Unfortunately, cheerleading and musicals got in the way of dancing. I couldn’t commit myself to dance as much as I used to and I found myself struggling to catch up during rehearsals. I knew I had to drop something, so dance had to go. Now, going into my fourth year of college, I can’t remember the last time I danced in a proper pair of ballet shoes. It was such a huge part of my life and it was gone so suddenly.
So, last spring, I joined Clarkson Theatre Company in their production of All Shook Up, a musical combining the stories of William Shakespeare with the rock and roll of Elvis Presley. Our choreographer Heather was involved with Clarkson University’s Swing Dance Club and incorporated a lot of swing dancing into our full cast choreography. A lot of us caught the bug and decided to go to the Swing Dance Club’s meetings, myself included. I was so excited to be dancing again, even though swing was still kind of foreign to me.
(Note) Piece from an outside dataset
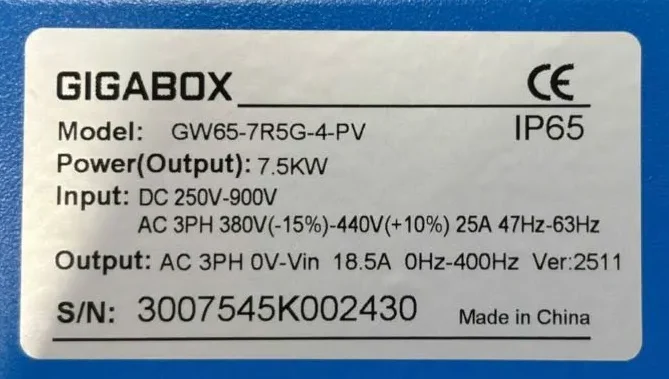 BIẾN TẦN BƠM GIGABOX 7.5KW 3 PHA (chuẩn IP65)

We had a little bit of training from Heather before arriving to Swing, so I felt prepared enough that I could get by. I paired up with someone from Clarkson that I didn’t know and we just started dancing. He was a good leader and I tried to be the best follower I could be, but there was something that I couldn’t help but notice.
No one counts the beat.
My life, ever since that first dance class, has been divided up into eight counts. Eight counts to move across the stage, eight counts to pirouette, eight counts to get into a new formation. Even in cheerleading, everything was in eight - Prep on one, bounce on three, toss on five, hit on seven, catch on the next one. I don’t count seconds, I count eights. And that’s not how it works in swing.
Within swing dance partners, there is a leader (usually the male) and a follower (usually the female). The leader gives cues, either verbal or visual, to signal the follower what move they want to do next. There are no rules, no logical progression of steps, no choreography. It was overwhelming.
The guy that was leading me was very experienced and being a follower meant that I was pretty much at his mercy. I didn’t have to make any decisions about what moves to do, especially since I only knew a handful of steps. I’d never been a part of a dance where I didn’t know what was coming next. But Matt was a good leader and he was willing to help me learn the more difficult moves.
The next couple of weeks, I was dancing with another beginner and we were more equally matched, so I felt a little more confident. We actually started dating and we’re both looking forward to going back to Swing Club at the beginning of next semester and tackling more difficult moves. I’ve also enrolled in a Jazz Dance class for the fall and I hope to start dancing more at Potsdam. I can’t wait to go back to Swing Club because of the new friends, new experiences and new outlook it taught me in just a few short weeks.
You can’t live your life according to the eight counts - there’s no way to plan out every beat, every step, every motion. It’s too much. When I first started swing, the lack of planning overwhelmed me. Now I realize that forcing myself into a rigid, little box of eight counts was more overwhelming than I could have imagined at seven years old. I still have a special place in my heart for dance and I will never forget what I learned at Miss Judy’s all those years ago. But sometimes, you just have to let go and swing.